Protect Eu, la strategia di sicurezza della Commissione Ue adottata il 3 aprile, è un’altra minaccia alla privacy?
Protect Eu è solo l’ultimo travestimento di Chat control, poiché il regolamento stenta ad essere approvato. Un rebranding per aggirare le resistenze e raggiungere per altra via le stessa meta: indebolire la crittografia e avere accesso ai messaggi dei cittadini, nel nome della sicurezza dei minori. Una tecnica di framing, puro marketing.
Si può garantire sicurezza online senza rinunciare alla privacy?

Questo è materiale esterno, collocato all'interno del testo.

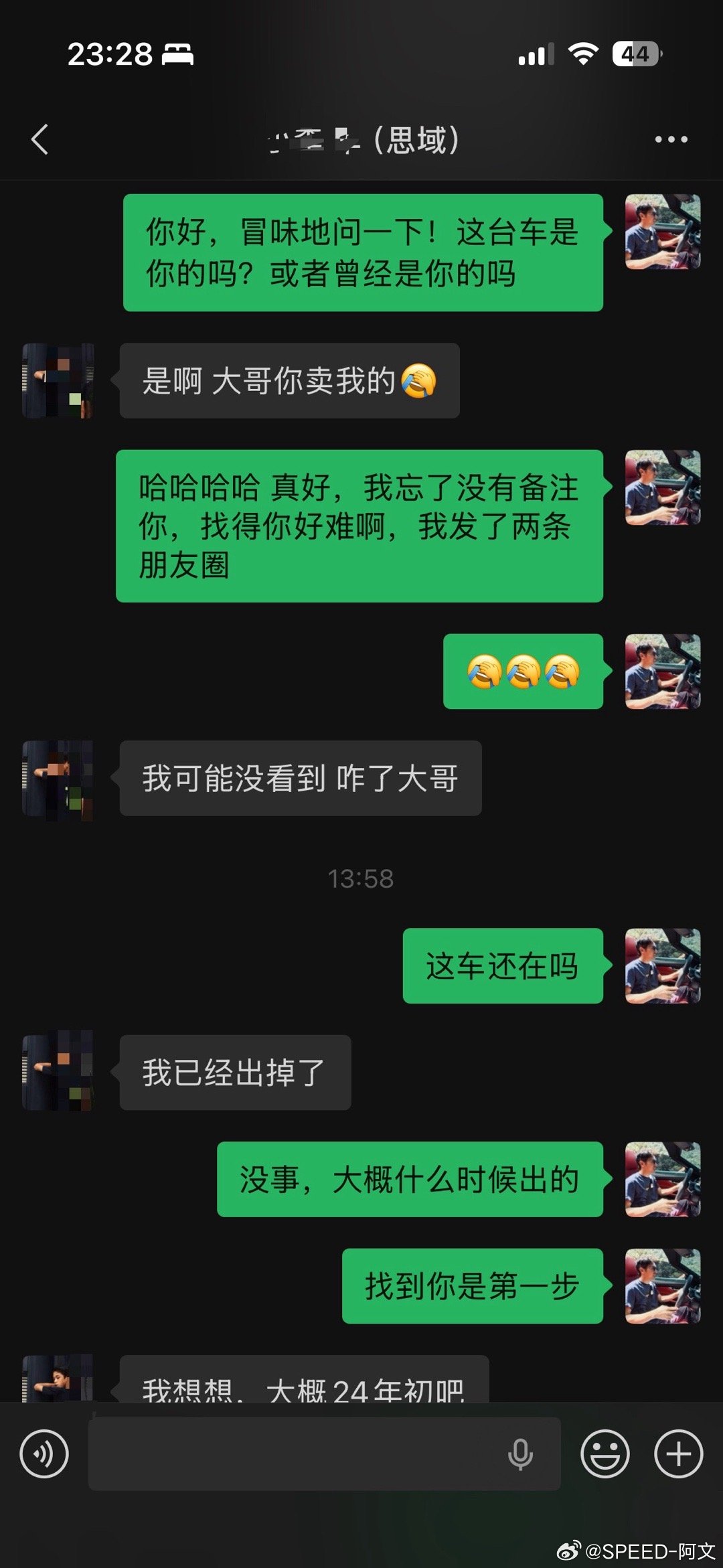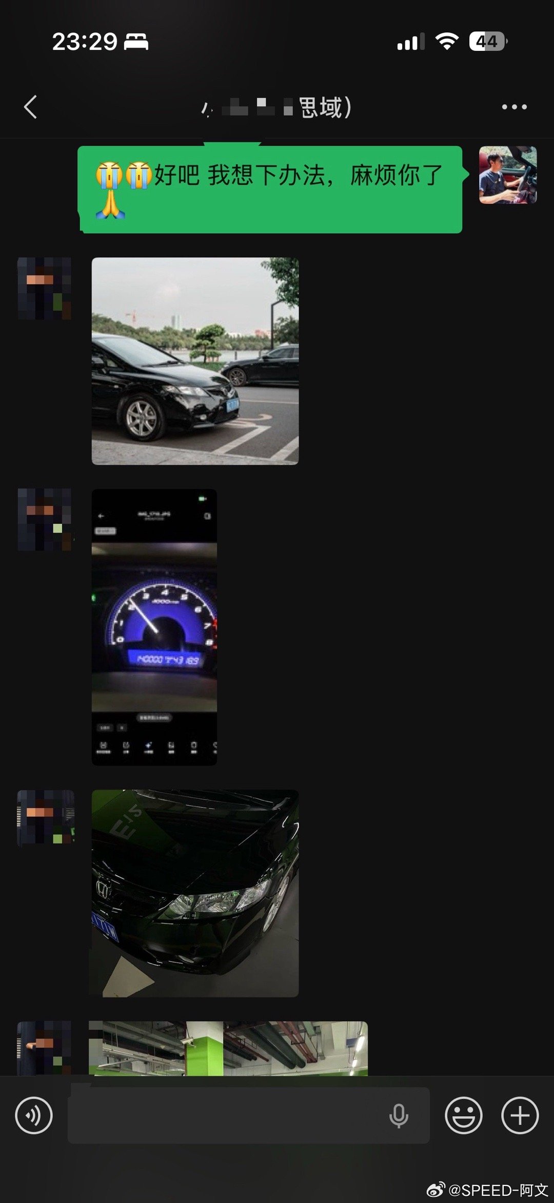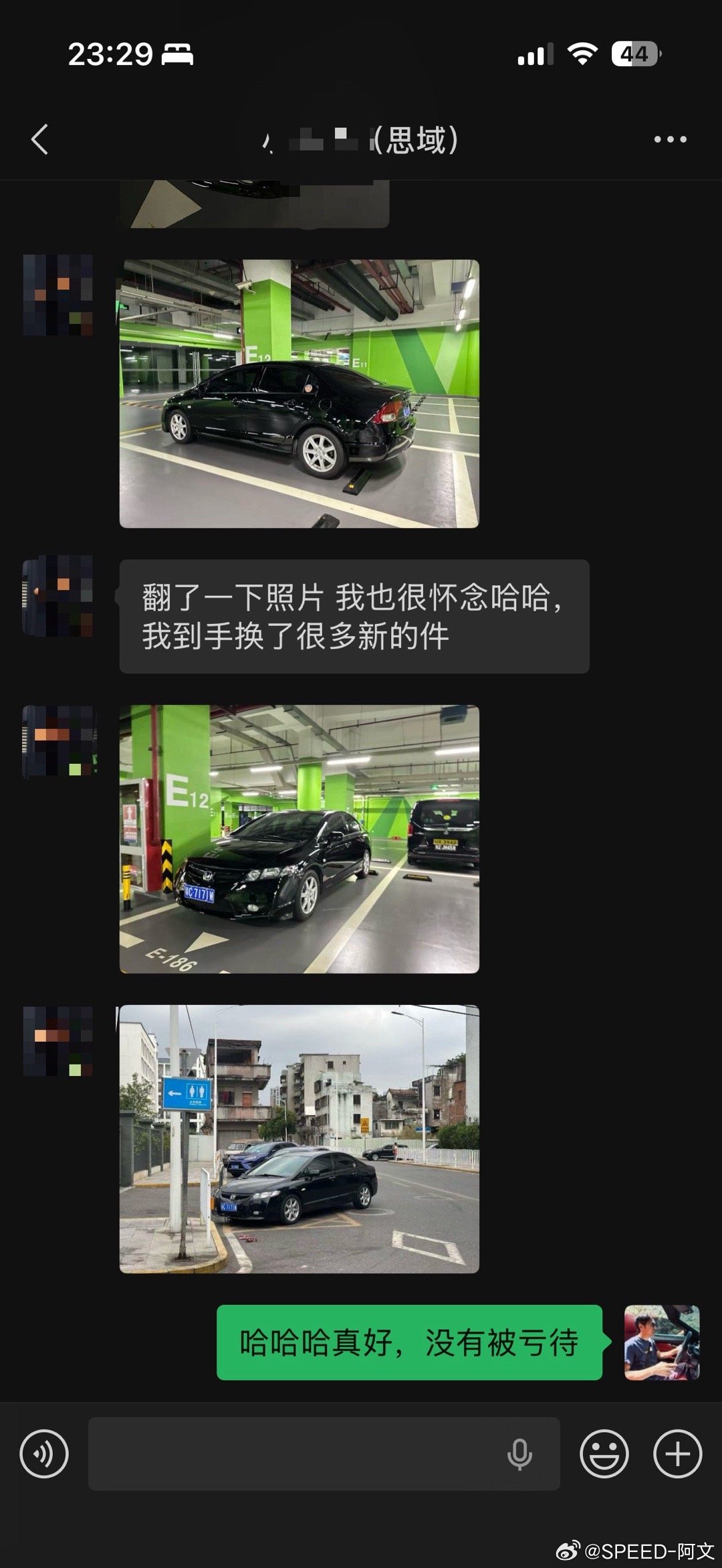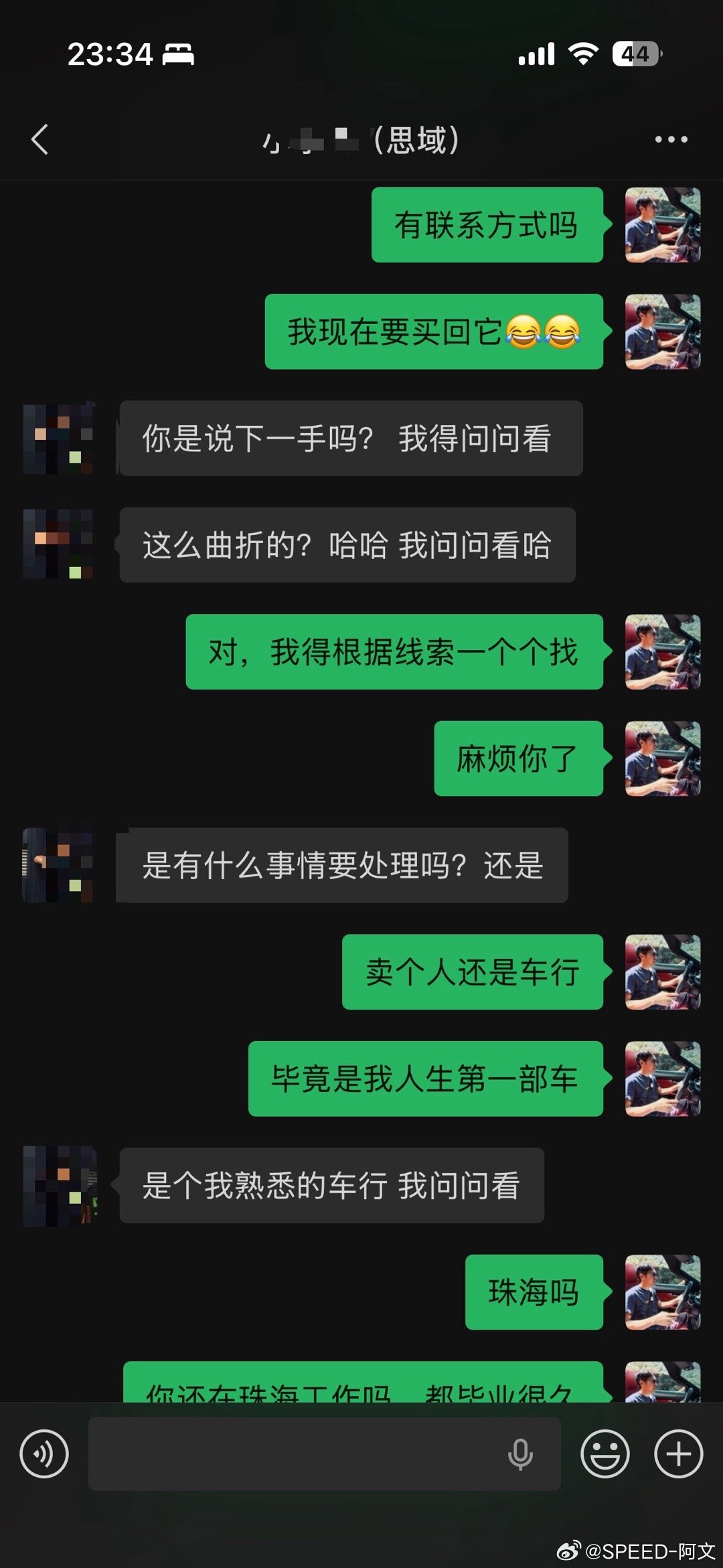 最近我在找我买的人生中第一辆车,想买回它。在17年买的二手车,21年卖了。是一台09年生产最经典的八代半本田思域。当时这个买主还是个我家附近上的大学生,花了4万2买了,上午搞完手续,下午就拉去修理厂改装了。当时临走前我还跟他说,好好对待它,就算改也不要鴝改。这个买主也是我最近找了很多天才在朋友圈找到的,因为当时忘了给他备注啥,所以只能靠记忆一个个通讯录这样找,发了几条朋友圈也没回复我。也试过通过我仅存的保险单才查到他的车牌,但是也找不到电话,我想或许只能找交警大队了。但今天我在通讯录里看到他的头像,我的直觉告诉我就是他了,于是我就发了信息过去,于是就有了以上对话。遗憾的是,这台思域最后的车主信息还是中断了,因为他之后这两年经过车行又转手了几次。但我想继续,或者只能亲自到当地深圳车行去看看了解情况了。刚才这位车主知道我的遗憾后也发来了一些照片和感慨,毕竟应该也是他人生中的第一台车吧。可以看出他也是个爱车之人,思域保养的很好,看着比我以前还新正。相处了3年后,他也卖掉了。于是从一个男孩变成了一个男人,也从一个草根烂仔变成了一个精致烂仔,因为我从他朋友圈得知,他换了最新或许也是最后一台本田Type-R FL5。此时此刻,我还有点羡慕起他了,因为在刚好的年纪遇上刚好的车,真好,人生足矣。

Nella stessa misura in cui si può cambiare la matematica: impossibile. Può valere il principio di Benjamin Franklin: “Chi rinuncia alla libertà per raggiungere la sicurezza, non merita né la libertà né la sicurezza”. L’esempio è proprio la backdoor, cioè il varco nel muro della crittografia end-to-end: se apri un accesso ai messaggi privati per rafforzare la lotta al crimine, nessuno può garantire che sarà usato solo dai “buoni” delle forze dell’ordine. Anzi, prima o poi la “chiave” d’accesso arriverà anche ai criminali. Così i cittadini perderanno sia la privacy che la sicurezza, in chat.
Quali sono le altre proposte di legge, in Europa, che possono indebolire il diritto alla riservatezza e le libertà online?
Ci sono già le leggi. Il Digital service act dà poteri enormi agli Stati sulla rimozione di contenuti controversi. Ma chi dice cosa è controverso? Se facciamo sistemi di moderazione di contenuti ad alto spettro ci esponiamo al rischio dei possibile over-removal, la rimozione eccessiva. Un possibile passo verso la censura.
Anche l’anonimato online, in certe situazioni garanzia di libertà, è sotto attacco in Europa?
Sì, aumentano le richieste e gli obblighi per il riconoscimento dell’identità prima di iscriversi ad un servizio digitale. Ma ci sono dei costi sociali: sparirebbero i whistleblower, si attenuerebbe il diritto ad essere informati, crescerebbe il pericolo della sorveglianza. Non manca chi abusa dell’anonimato, perciò l’Europa preme per limitarlo. Suggerisce Bruxelles: limitare l’anonimato, indebolire privacy e crittografia, serve a scovare pedofili e terroristi online. Ma non è così: i criminali continueranno ad usare tecnologie di cifratura e resteranno anonimi, mentre i cittadini avranno meno privacy. Con una Virtual private network (Vpn) aggiro facilmente le norme di uno Stato collegandomi con account esteri. Si possono vietare le Vpn, se ne parla nel Regno Unito, ma c’è sempre Thor e il dark web. L’informatica offre sempre nuove possibilità di aggirare un divieto: è matematica.